DIRECTIONS FOR THIS TASK:
In the entries below, find the line with "The most striking" and the line with "MS001 Áo Thun"; copy them and every line between them exactly, but not the pictures.

INFORMATION SUPPLIED:
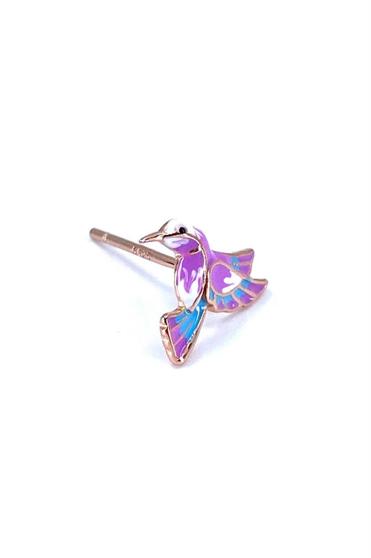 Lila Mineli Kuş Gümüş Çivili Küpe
...
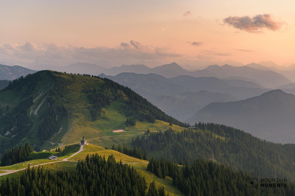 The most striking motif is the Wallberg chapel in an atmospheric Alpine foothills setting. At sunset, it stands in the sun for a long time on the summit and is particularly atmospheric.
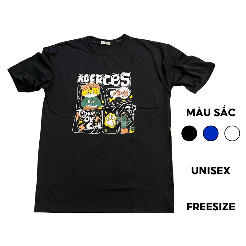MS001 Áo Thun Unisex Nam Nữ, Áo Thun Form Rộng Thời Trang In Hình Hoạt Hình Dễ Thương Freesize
---
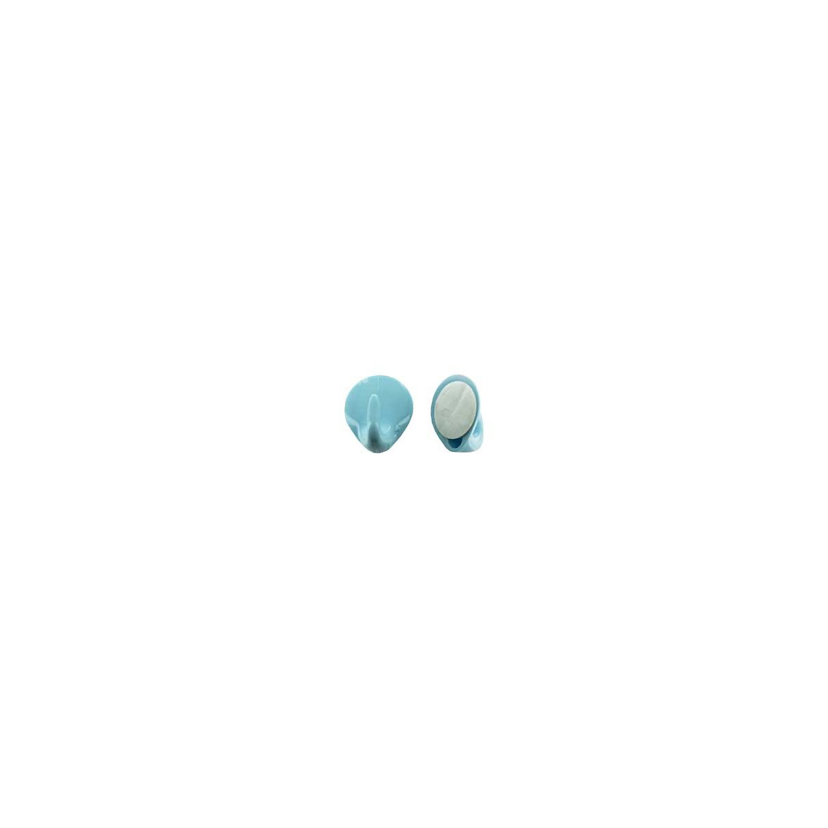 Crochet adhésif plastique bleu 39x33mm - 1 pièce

RESPONSE FOR THIS EXERCISE:
 The most striking motif is the Wallberg chapel in an atmospheric Alpine foothills setting. At sunset, it stands in the sun for a long time on the summit and is particularly atmospheric.
MS001 Áo Thun Unisex Nam Nữ, Áo Thun Form Rộng Thời Trang In Hình Hoạt Hình Dễ Thương Freesize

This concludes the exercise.